Concepts in Probability

Nima Hejazi

Harvard Biostatistics

July 8, 2025

Basic Concepts of Probability

Intro to Probability

People often colloquially refer to probability…

  • “What are the chances the Red Sox will win this weekend?”
  • “What’s the chance of rain tomorrow?”
  • “What is the chance that a patient responds to a new therapy?”

Formalizing concepts and terminology around probability theory is essential for better understanding probability (and statistics).

Random Experiments

A random experiment is an action or process that leads to one of several possible outcomes.

  • For example, flipping a coin leads to two possible outcomes: either heads or tails.

The probability of an outcome is the proportion of times that the outcome would occur if the random phenomenon could be observed an infinite number of times.

  • If a fair coin is flipped an infinite number of times, heads would be obtained 50% of the time.

Outcomes and events

An outcome in a study is the result observable once the experiment has been conducted.

  • The sum of the faces on two dice that have been rolled.
  • The response of a patient treated with an experimental therapy.

An event is a collection of outcomes.

  • The sum after rolling two dice is 7.
  • 22 of 30 patients in a study have a good response to a therapy.

Events can be referred to by letters.
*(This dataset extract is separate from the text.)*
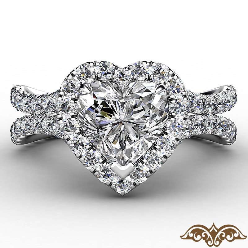 Cathedral Halo French Pave style Engagement Ring, center is Heart shape Diamond Report by GIA, F Color & SI1 clarity, Made in Platinum 950 (1.87 ct. tw.)
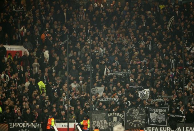Ο ΠΑΟΚ δημιούργησε εκρηκτική ατμόσφαιρα στο Old Trafford, με πάνω από 6.000 οπαδούς του να δίνουν έντονη παρουσία και να εντυπωσιάζουν τους Άγγλους. Από το βράδυ της Τετάρτης, οι φίλοι του ΠΑΟΚ «ζωντάνεψαν» το Μάντσεστερ με συνθήματα, μετατρέποντας την πόλη σε μια μικρή «Τούμπα».

For example, if \(A\) is the event of rolling a number smaller than 3 on a die, then \(A = \{1, 2 \}\).

Disjoint (Mutually Exclusive) Events

Two events or outcomes are called disjoint or mutually exclusive if they cannot both happen at the same time.

Here, \(A\) and \(B\) being disjoint means

  • \(\Pr(A \cup B) = \Pr(A) + \Pr(B) = 2/6 + 2/6 = 4/6\)
  • The probability of rolling a 1, 2, 4, or 6 on a six-sided die is 4/6.

Addition Rule for Disjoint Events

If \(A\) and \(B\) are two disjoint events, then the probability that either occurs is \(\Pr(A \cup B) = \Pr(A) + \Pr(B)\)1.

If there are \(k\) disjoint events \(A_1,\dots,A_k\), the probability that one of these outcomes will occur is \(\Pr(A_1) + \Pr(A_2) + \cdots + \Pr(A_k)\)

General Addition Rule

Suppose that we are interested in the probability of drawing a diamond or a face card out of a standard 52-card deck.

Does \(\Pr(\text{diamond or face card}) = 13/52 + 12/52\)?

General Addition Rule…

No, we need to correct the double counting of the three cards that are in both events, subtract the probability that both events occur… \[\begin{align*} \Pr(\text{diamond or face}) =& \Pr(\text{diamond}) + \Pr(\text{face}) - \Pr(\text{diamond and face}) \\ =& 13/52 + 12/52 - 3/52 \\ =& 22/52 \end{align*}\]

Thus, for any two events \(A\) and \(B\), the probability that either occurs is \(\Pr(A \cup B) = \Pr(A) + \Pr(B) - \Pr(A \cap B)\)1.

Sample Space

A sample space is an exhaustive list of mutually exclusive outcomes.

Suppose the possible \(k\) outcomes are denoted \(O_1, O_2, \dots, O_k\). The sample space can be expressed as \(S = \{O_1, O_2, \dots, O_k\}\).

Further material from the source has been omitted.